— Лёся? — спросила вдруг Вика.
— Нет, — с опаской прошептали мои губы. — Это я. Дима…
— Дима… — девушка немного подышала, собираясь с силами для следующего вопроса. — Она ушла?
— Да, — ответил я и зачем-то добавил. — Судя по всему…
— Боже мой… Я все испортила… — и здесь она наконец расплакалась, как нормальная девчонка, заревев во весь голос и попутно, сквозь слезы и рыдания, попытавшись рассказать, как же плохо и неправильно обошлась с ней судьба, или, быть может, что-то другое, столь же глупое и сокровенное.
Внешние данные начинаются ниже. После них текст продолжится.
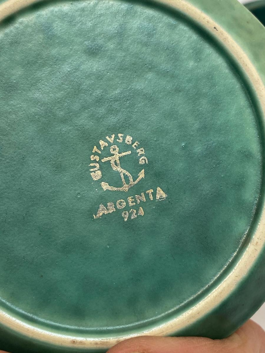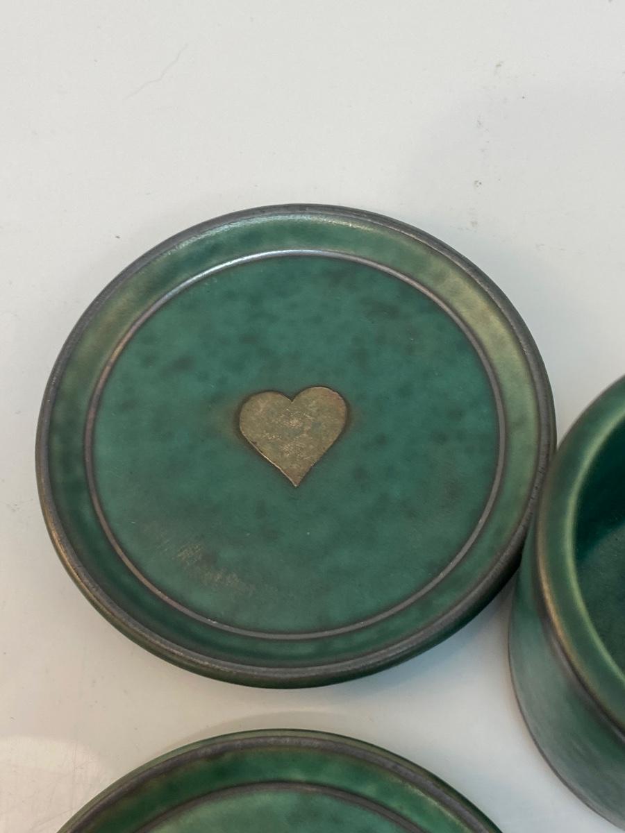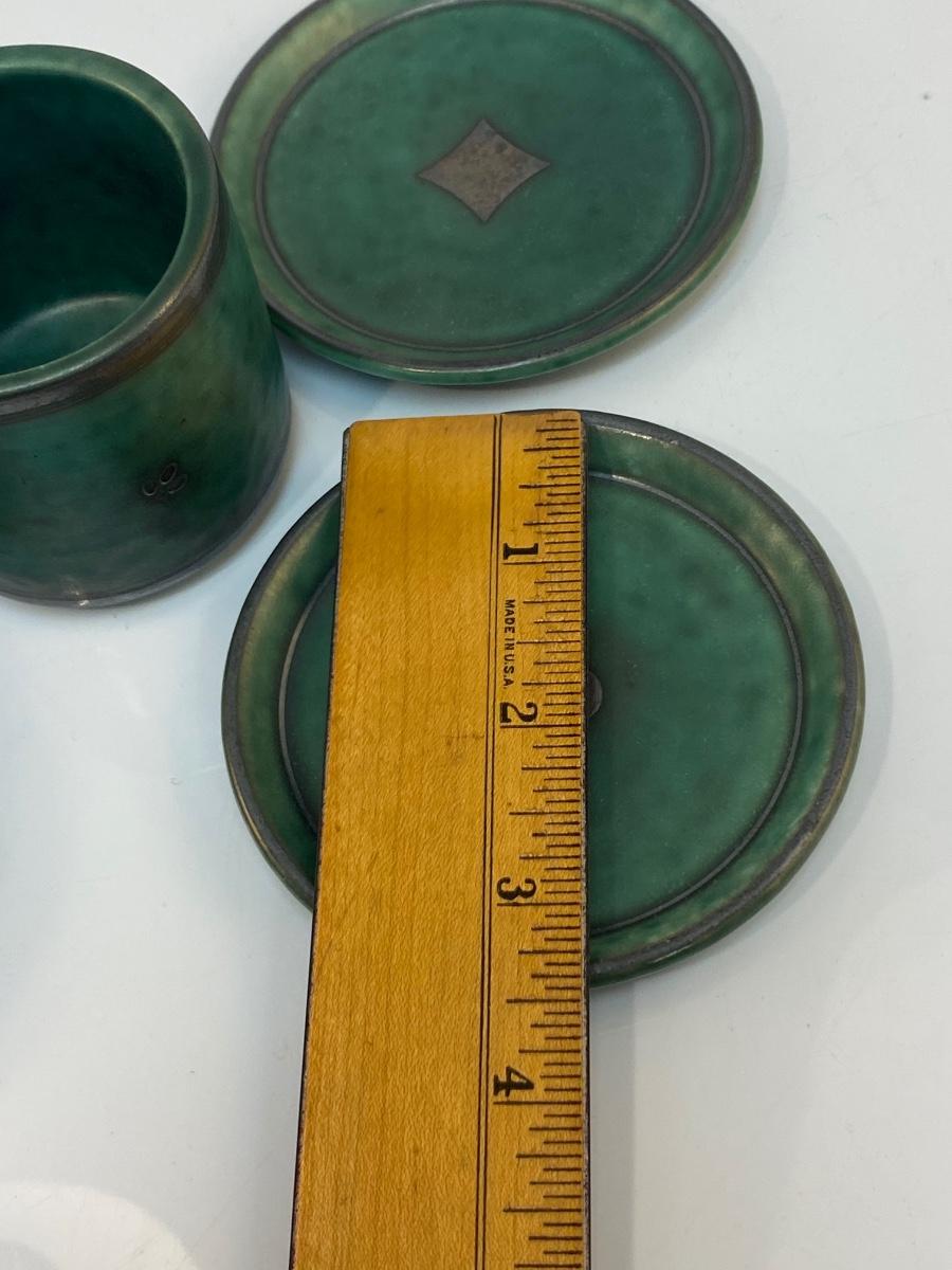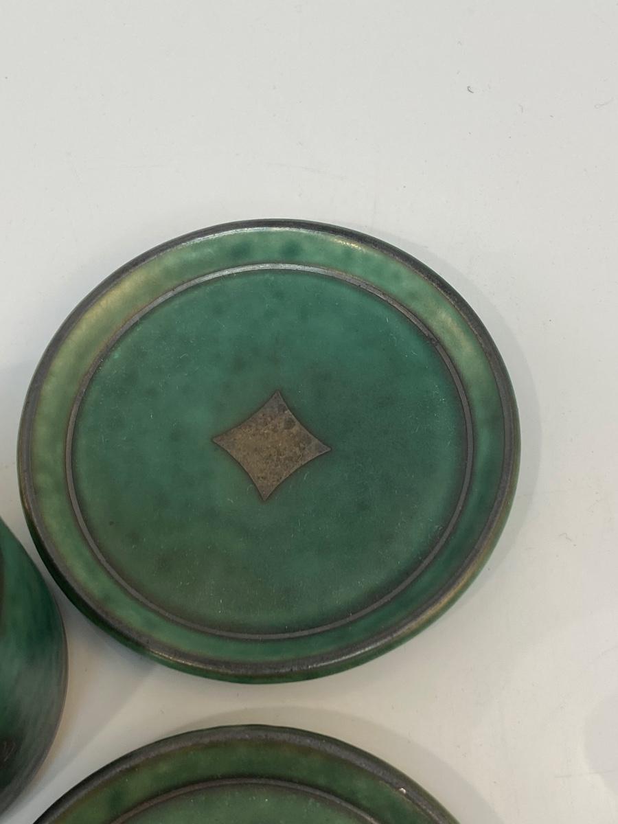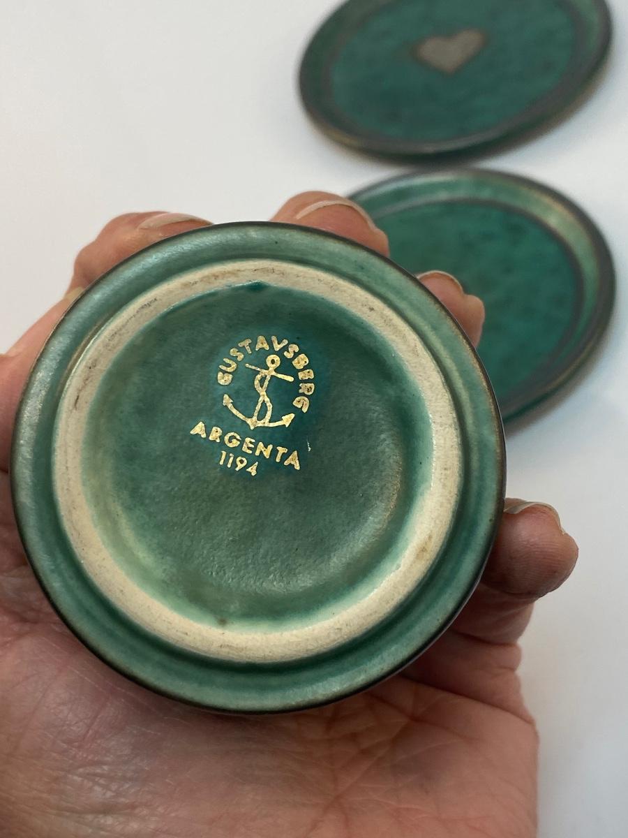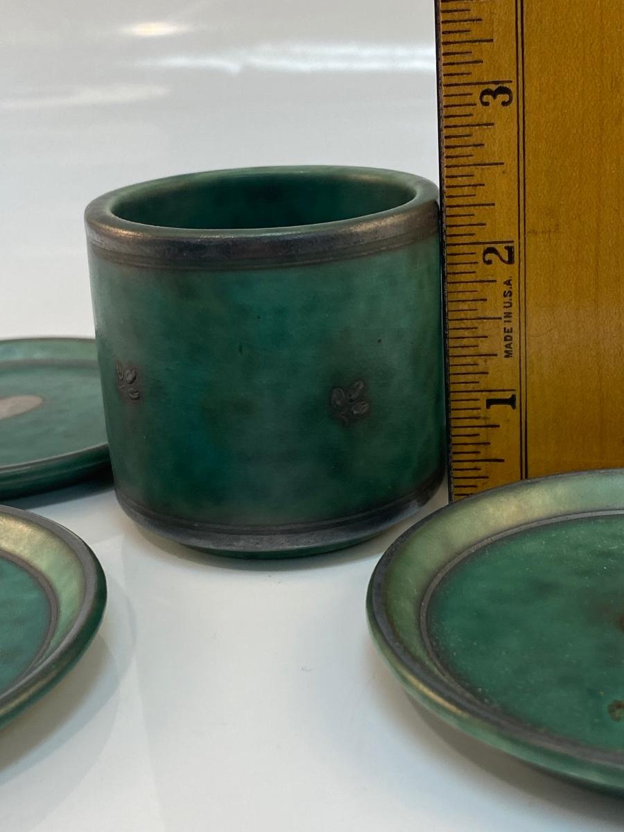 Vintage 1940s Wilhelm Kage Gustavsberg Argenta Sweden Silver Overlay Green Pottery Bridge Card Suit Coasters & Small Cup
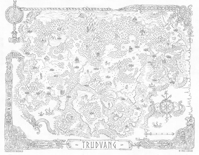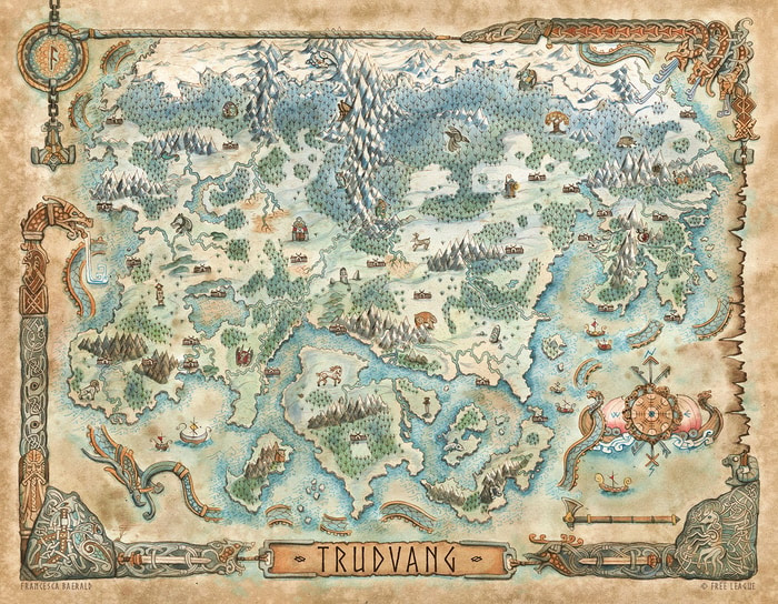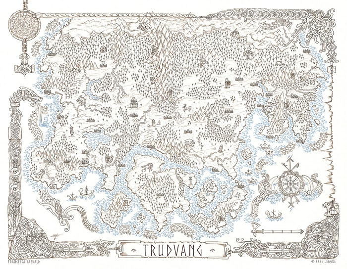 Alors que Dragonbane : Trudvang utilisera des ressources artistiques de maîtres tels que Paul Bonner, Alvaro Tapia et d’autres, nous ajoutons également de nouveaux travaux provenant d’anciens comme de nouveaux membres de l’équipe. L’incroyablement talentueuse Francesca Baerald a déjà dessiné plusieurs cartes pour Dragonbane, et il s’avère qu’elle avait également réalisé une carte de Trudvang par le passé.
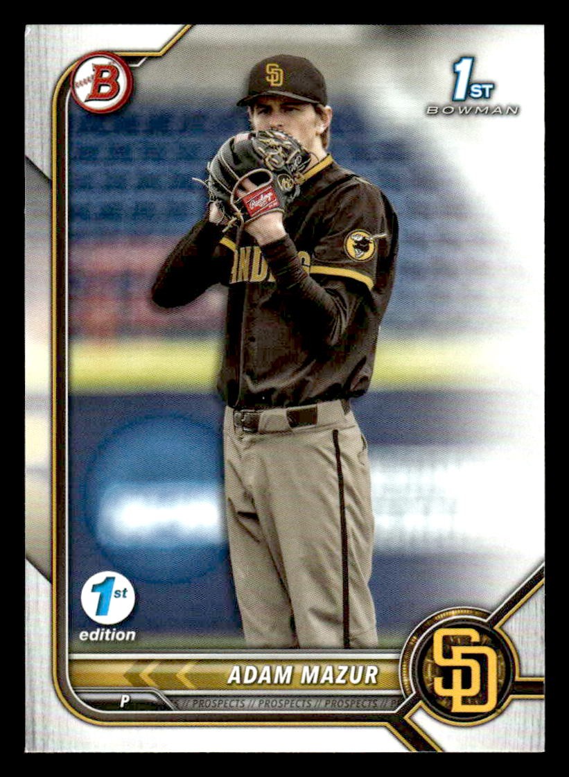 This is a nice example of a 2022 Bowman Draft 1st Edition #BD-4 Adam Mazur
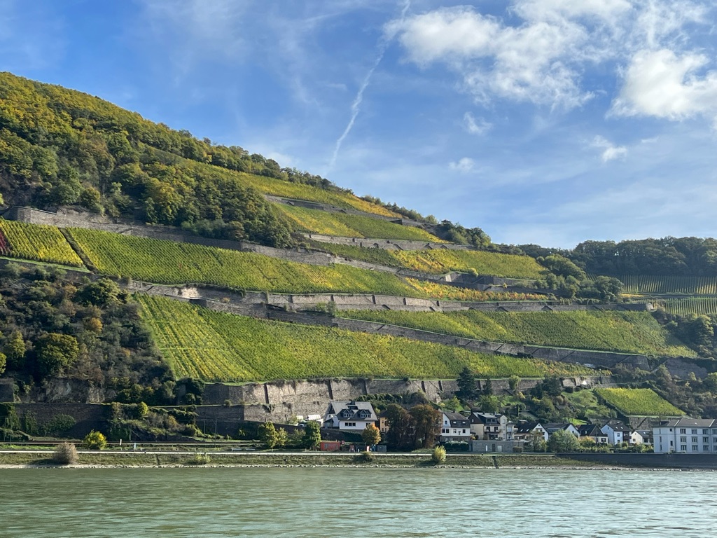 Walls protect the terraces that launch the vineyards down to the Rhine!
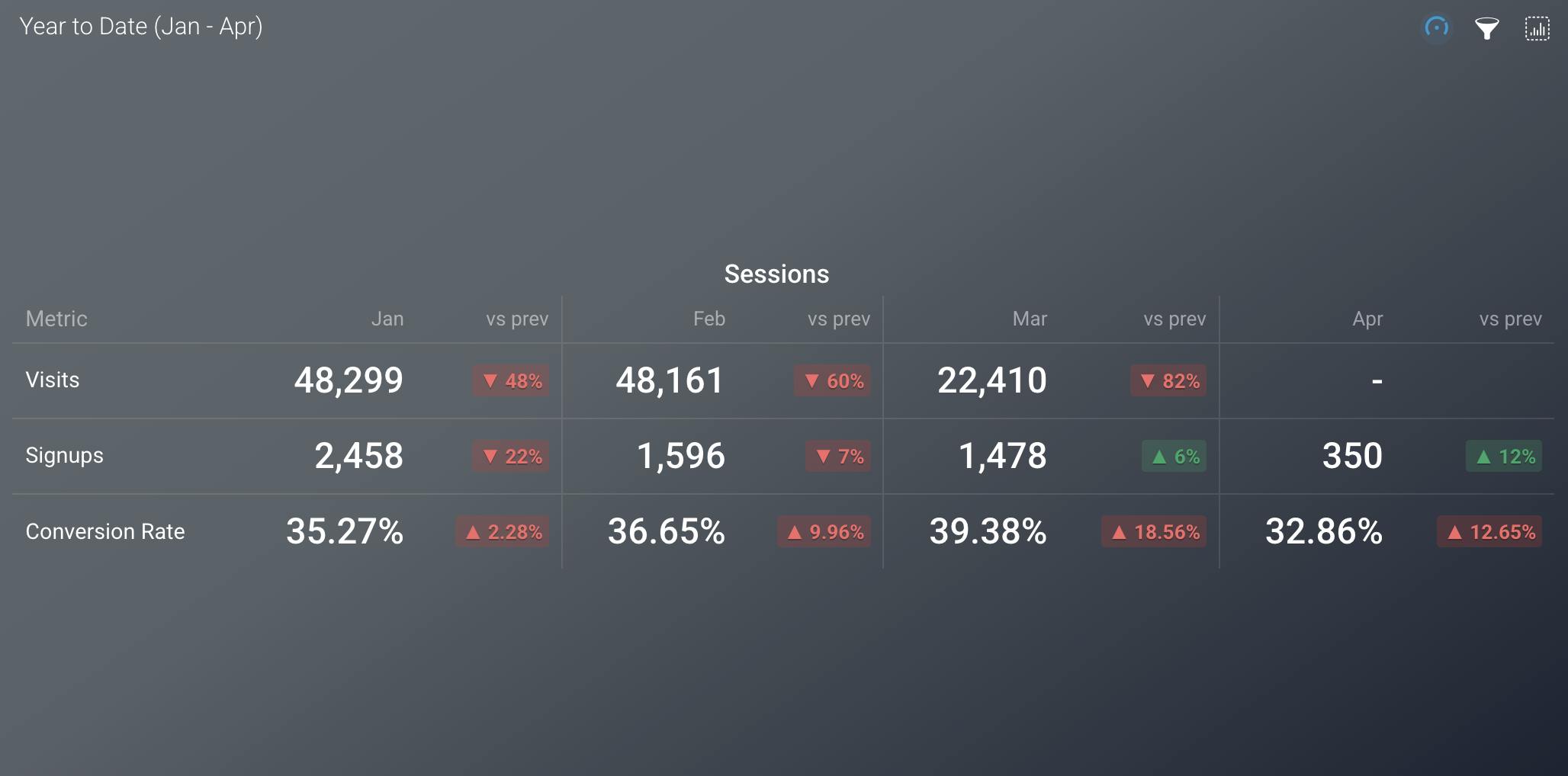 If you want to review performance trends over time, displaying metrics by month in a table is a great way to get a clear, side-by-side comparison. Whether you're tracking revenue, leads, sessions, or any other metric, organizing the data monthly gives you a straightforward view of changes and patterns.

Я не различал почти ни одного слова, но продолжал гладить ее волосы, понимая, что слова сейчас не важны: важно то, что она их произносит, вернее, силится произнести, обращаясь именно ко мне, за кого бы она меня в этот момент ни принимала, разделяя со мной то, чему не находилось выхода, пока здесь была Алена.
— Я так виновата… — в который раз винила себя Вика. — Я знаю… Я сама знаю… Мне очень жаль… А она не простила… И уже не простит… И правильно… Нельзя было ее просить… Нельзя… Она не могла… Она не такая… Но я не понимаю… Почему все так… Ведь это ошибка… Я не хотела… Все должно было быть… по-другому… У меня не получилось…
— Дружок, что произошло? — спросил я, когда она немного затихла. Мне удалось рассмотреть ее лицо, и странным образом это развеяло все мои страхи. Все было так, как описала Алена. Вика выглядела ужасно. Сестра забыла еще упомянуть отчетливый след своей пятерни на левой щеке подруги. Только в этом не оказалось ровно ничего особенного. Ничего такого, почему я перестал бы видеть в ней ту самую девушку, с которой провел ночь, или ту, что спала рядом со мной на красном плаще у подножия старого дуба под голубым небом моего последнего сна. Нынешняя Вика была так же реальна и так же иллюзорна, как и эти два воспоминания. И, что самое важное, она была… — Милая, ты готова рассказать мне, что с тобой случилось?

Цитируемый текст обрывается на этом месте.